Anyone here have experience with how to deal with corporate actions and how one should adjust the price series accordingly so that, eg, your VaR makes sense? Obviously if it’s a share split one simply adjusts for that. The problem for me is what if it’s a special dividend or something whereby the price does a big enough jump to generate a VaR scare? Is there a rule out there, or a specific way people deal with this in terms of massaging a price series so that this doesn’t happen? Any help or direction would be much appreciated.

What’s different about adjusting price for a split than for any other corporate action?

Well the maths for a split, and the logic for me, are seemingly straightforward. The share splits 10 for 1, you multiply the price by 10. When it comes to dividends, it just seems very nebulous - so the share price is x, they pay a dividend of y that is larger than usual producing a price drop of, say, 15%…what do you do? Where is the line? That price drop will come through in VaR unless you have adjusted the data accordingly. I just want to know if there is a hard and fast rule about dealing with these things, or do you randomly adjust some share price series and not others. I’m happy to be asking a completely stupid question (I am a muscian after all by training, sorry in that case!), just wondered if anyone had any input here.

mschumacher Wrote: ------------------------------------------------------- > Well the maths for a split, and the logic for me, > are seemingly straightforward. The share splits 10 > for 1, you multiply the price by 10. > Almost certainly not - you back-adjust so the current price in your data matches the market price. > > When it comes to dividends, it just seems very > nebulous - so the share price is x, they pay a > dividend of y that is larger than usual producing > a price drop of, say, 15%…what do you do? Multiply all prices prior to ex-dividend price by 0.85 > Where > is the line? There is no line except the one that says you adjust for all dividends and corporate actions. > That price drop will come through in > VaR unless you have adjusted the data accordingly. Yep > I just want to know if there is a hard and fast > rule about dealing with these things, or do you > randomly adjust some share price series and not > others. > Of course not > > I’m happy to be asking a completely stupid > question (I am a muscian after all by training, > sorry in that case!), just wondered if anyone had > any input here. There might be some technical analysis applications for which the reinvested multiplicative back-adjusting isn’t right but these are not about VaR but about system trading.
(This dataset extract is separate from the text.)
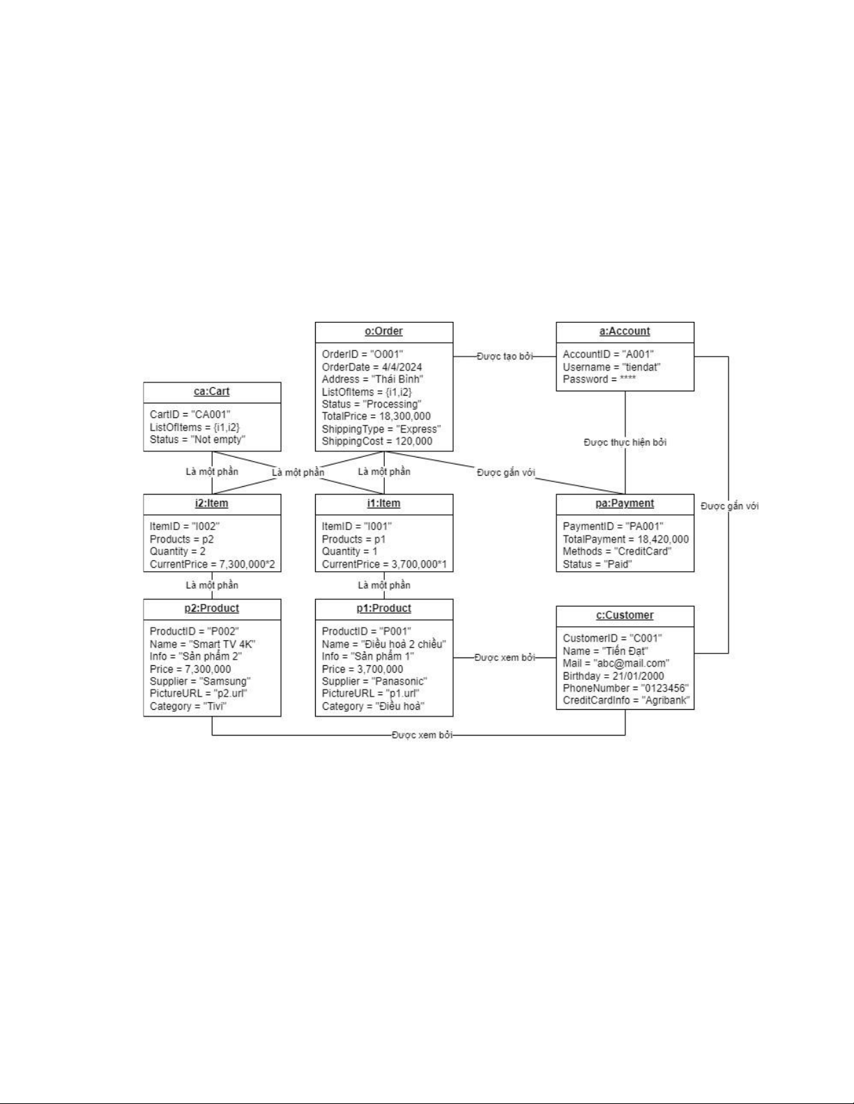 Khách hàng Tiến Đạt có tài khoản mã A001 thực hiện tạo đơn hàng mã O001. Đơn

JoeyDVivre Wrote: ------------------------------------------------------- > mschumacher Wrote: > -------------------------------------------------- > ----- > > Well the maths for a split, and the logic for > me, > > are seemingly straightforward. The share splits > 10 > > for 1, you multiply the price by 10. > > > Almost certainly not - you back-adjust so the > current price in your data matches the market > price. You telling me that if a share splits 10:1 you don’t just take each days closing price up till that point and multiply it by 10? Maybe that’s where I’m going wrong…it will make all corporate actions more consistent if that is the case, just doesn’t seem to make intuitive sense? Do you then adjust for each and every dividend, no matter how large or small? Thanks for your time btw, much appreciated.
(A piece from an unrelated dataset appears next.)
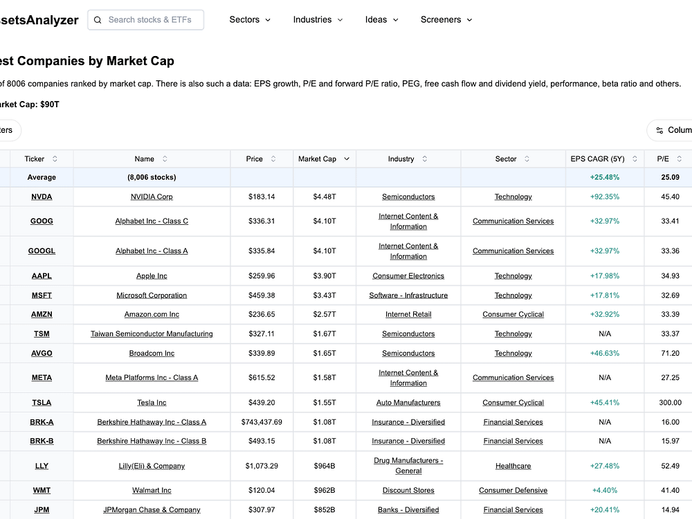 AssetsAnalyzer is a free investment research platform offering over 20 years of historical data for more than 8,000 stocks and 5,000 ETFs. Users can analyze prices, compare performance against the S&P 500, and explore detailed financial reports, including drawdowns, dividends, and key ratios like market cap and EPS. The platform features a stock screener with over 30 metrics and an ETF screener with more than 20 metrics, allowing users to quickly filter and sort investments. Discover correlations between stocks and ETFs to enhance diversification or find close alternatives. No paywalls. No sign-up. Just data.

mschumacher Wrote: ------------------------------------------------------- > JoeyDVivre Wrote: > -------------------------------------------------- > ----- > > mschumacher Wrote: > > > -------------------------------------------------- > > > ----- > > > Well the maths for a split, and the logic for > > me, > > > are seemingly straightforward. The share > splits > > 10 > > > for 1, you multiply the price by 10. > > > > > Almost certainly not - you back-adjust so the > > current price in your data matches the market > > price. > > You telling me that if a share splits 10:1 you > don’t just take each days closing price up till > that point and multiply it by 10? It’s a really bad plan because your price for MSFT, e.g., would look like 12000 (or I don’t know what) and you wouldn’t be able to tell errors from real prices. Everyone back-adjusts. > Maybe that’s > where I’m going wrong…it will make all corporate > actions more consistent if that is the case, just > doesn’t seem to make intuitive sense? > > Do you then adjust for each and every dividend, no > matter how large or small? Sure (although getting good data like this is important and can be a challenge). > > Thanks for your time btw, much appreciated.

screw Var

Thank-you for the insightful post nailit.

you got it, JoeyD

nailit Wrote: ------------------------------------------------------- > screw Var post of the year? short and to the point?